Me costó mucho detectar cuáles eran las cosas que no me gustaban de ellas. Puedo decir, con algunos matices, que he vivido procesos que tienen mucho que ver con el enamoramiento con casi todas mis amigas: admiración profunda, idealización, el típico  hablar a todo el mundo de sus virtudes, buscar y proponer planes, alardear de nuestra amistad, colgar mensajes amorosos en redes sociales. Eso sí, amar a alguien sin la presión del amor romántico de fondo, tradicionalmente vinculado sobre todo al ámbito de la pareja, ofrece muchísimas posibilidades. Amar sin miedo a la decepción es amar con mucha más libertad. Es amar mucho.
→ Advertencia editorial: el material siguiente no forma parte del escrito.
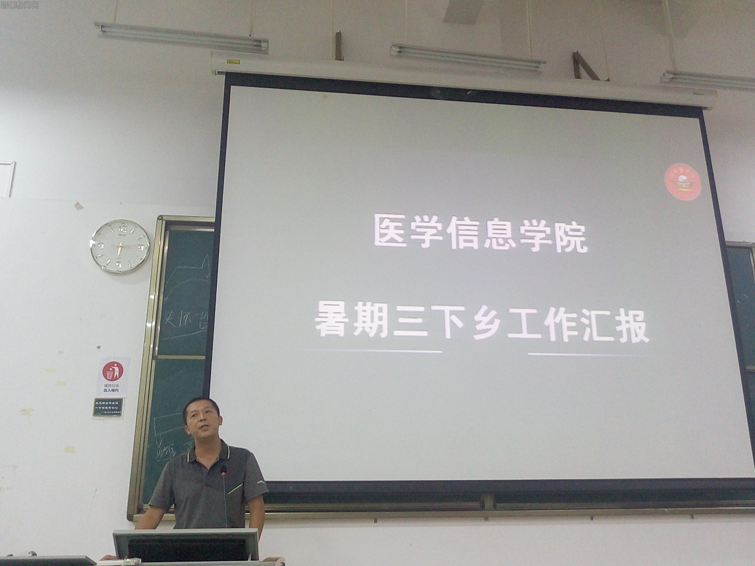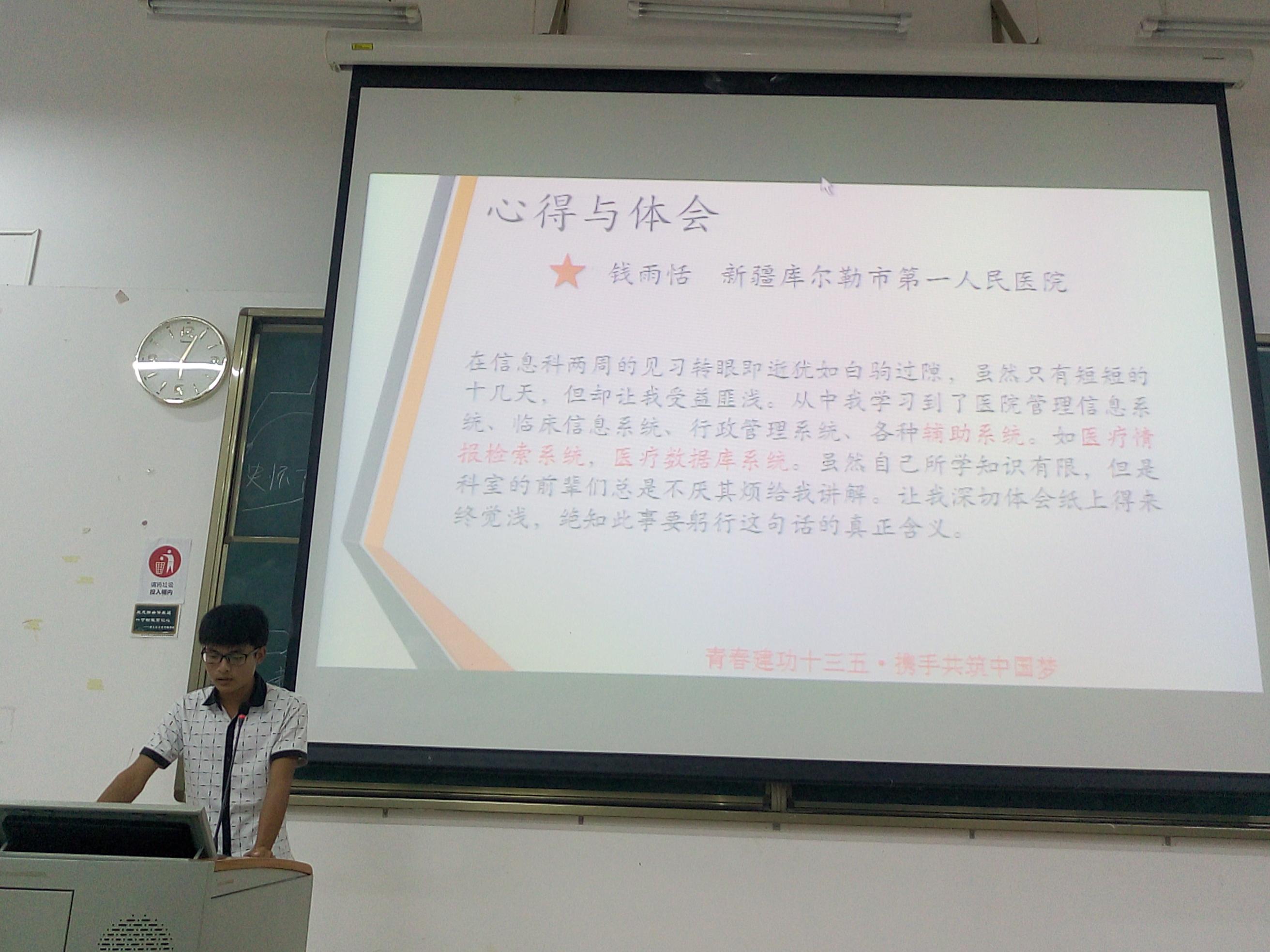 9月29日,我院在4-209举行“医学信息学院暑期三下乡工作汇报交流会”。出席本次会议的有学院党总支书记岑桑,团委书记王鹏,吕倜然和穆天强老师,我院全体同学共240余名参加了此次会议。会议由蔡刘璐同学主持。

A pesar de todo lo que podemos mejorar en nuestra forma de querer a nuestras amigas, los aprendizajes que nos brinda este amor están aún inexplorados. Porque no. Nada de eso. No es un amor de segunda aunque sea el único amor de pareja el único que no necesita de complementos. ¿Cómo es posible que digamos ‘amor’ y todas entendamos que hablamos de amor a las parejas? Aunque, ¿cómo es posible que si pensamos en una pareja, en vez de pensar en dos personas, sólo nos venga a la cabeza una relación sexoafectiva? ¿No somos mi compañera de trabajo y yo una pareja? ¿No somos Flor y yo otra?

Es precisamente esa jerarquía entre los amores la que provoca tantas dependencias en el ámbito de la pareja. La familia, ese amor que no se elige, estable, única, que te obliga a pasar por todos los aros que más detestas; la pareja, esa pieza que eliges para dejar de elegir, la que tiene que atender a todas tus necesidades, la pareja, una y poco libre; las amigas, el amor más superficial, cambiable, inestable, más ligado a ir de bares que a ir al médico. En el que menos pensamos, en el que menos creemos, pero, quizá, uno de los más nos sostenga o podría sostenernos. Los discursos en torno al poliamor, tradicionalmente vinculados al amor sexoafectivo entre más de dos personas, suponen ciertas rupturas con el statu quo, pero lo cierto es que todas vivimos relaciones poliamorosas. Quien ama sólo a una persona, no ama a nadie. A amar se aprende amando.